Set up something fun in your living room or playroom that is typically not up.  It could be a tent, a fort, a ball pit, or a bounce house.  We have this bounce house.  It is not very big, but it already has been a well-worth it investment.  As a family, we seem to always end up hanging out in the bounce house after dinner.  In these scary and uncertain times, I feel pretty certain I will look back to our evenings spent in the bounce house with great fondness. There has been a whole lot of laughter happening in that little house- Nala (our 80 lb. golden) even joins and things get real crazy.

6. Songs + Dance 

We usually break out the Greg & Steve tunes midmorning.  This is a fun way to transition between activities and is a great way to burn off some extra energy before nap time.  Here are a few songs, that are especially great for dancing with your toddlers:

7. Leave Things Out 

Here’s the honest truth, our house currently is chaos.  And this is entirely intentional. Part of it is laziness, but part of it is strategic.  There are TONS of invitations to play all over our house for Hudson. He can jump in his bounce house, he can color on his chalk board, he can pretend play with his trains, he can practice his baseball swing on his tee.  I am simply leaving things out all over to invite him to play. This creates a very messy house, but it is not like we are having guests over anytime soon and it takes the pressure off of me to constantly entertain.

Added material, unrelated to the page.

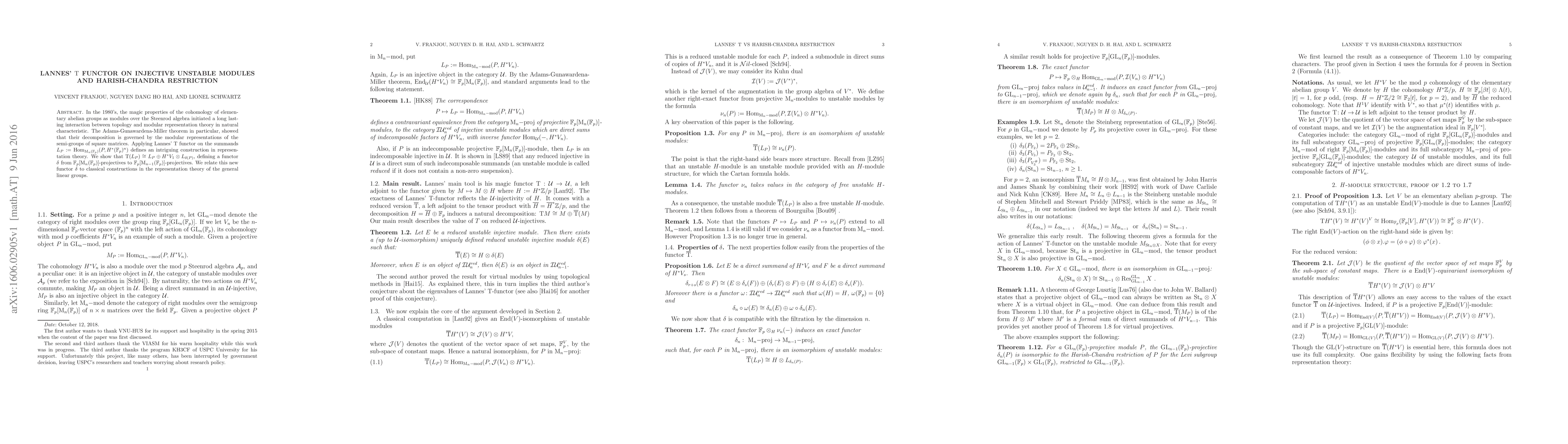 The paper explores the application of Lannes' T functor on injective unstable modules, showing that T(LP) is isomorphic to LP ⊕ H*V1 ⊗ Lδ(P), establishing a new functor δ. It relates this construction to classical representation theory of general linear groups.

8. FaceTime Family/Friends

This has been a great way for him to still have social interactions and see the people he loves most!  We have been doing this almost daily. It has been the perfect way for both of us to feel more connected. Not to mention, great for him to practice names.

9. Make Cards

So far, we have made 2 birthday cards and one thank-you card to our amazing pool man.  This is an easy “art project” and Hudson is at the age where he LOVES giving things to people he cares about.  We don’t have a ton of art supplies, so I have kept it really simple with crayons and card stock. For auntie’s birthday card, we even broke out the water colors.  I am not very creative or artsy, so making cards is a great way to incorporate some art + also teach Hudson the importance of appreciating those we care and love for.  

10. Scooter 

Self-explanatory. Lots of indoor and outdoor scootering happening over here.  

11. Mud Play

I will be honest, I have been on Pinterest more than ever recently.  And it gets pretty overwhelming. I am all about simple activities with few supplies and ingredients needed.  When I saw this mud play recipe, I knew it was perfect.  You just combine water, flour, and cocoa powder.  And there you go, the best smelling mud ever. It was perfect for creating dinosaur and truck tracks on paper.  

12. Window Clings 

If you are able to make a quick trip to the dollar store, they have really cute Easter window clings.  This was very entertaining for Hudson.  He especially likes the gel clings, which I am not crazy about because it attracts dog hair and H always ends up ripping them.  But it is just $1 and entertains him, so still worth it in my book. The day we brought them out, he kept going back to the window to rearrange the bunny and the chick. 

Okay, I am going to stop here. This is becoming too long.  Here is the bottomline: use this time wisely. Soak it in and appreciate it for what it is.  Sit in the quiet, the slow, the mundane. Don’t feel like you need to do all things.  Keep it simple. Invite your little ones along in your ordinary days and take lots and lots of bubble baths.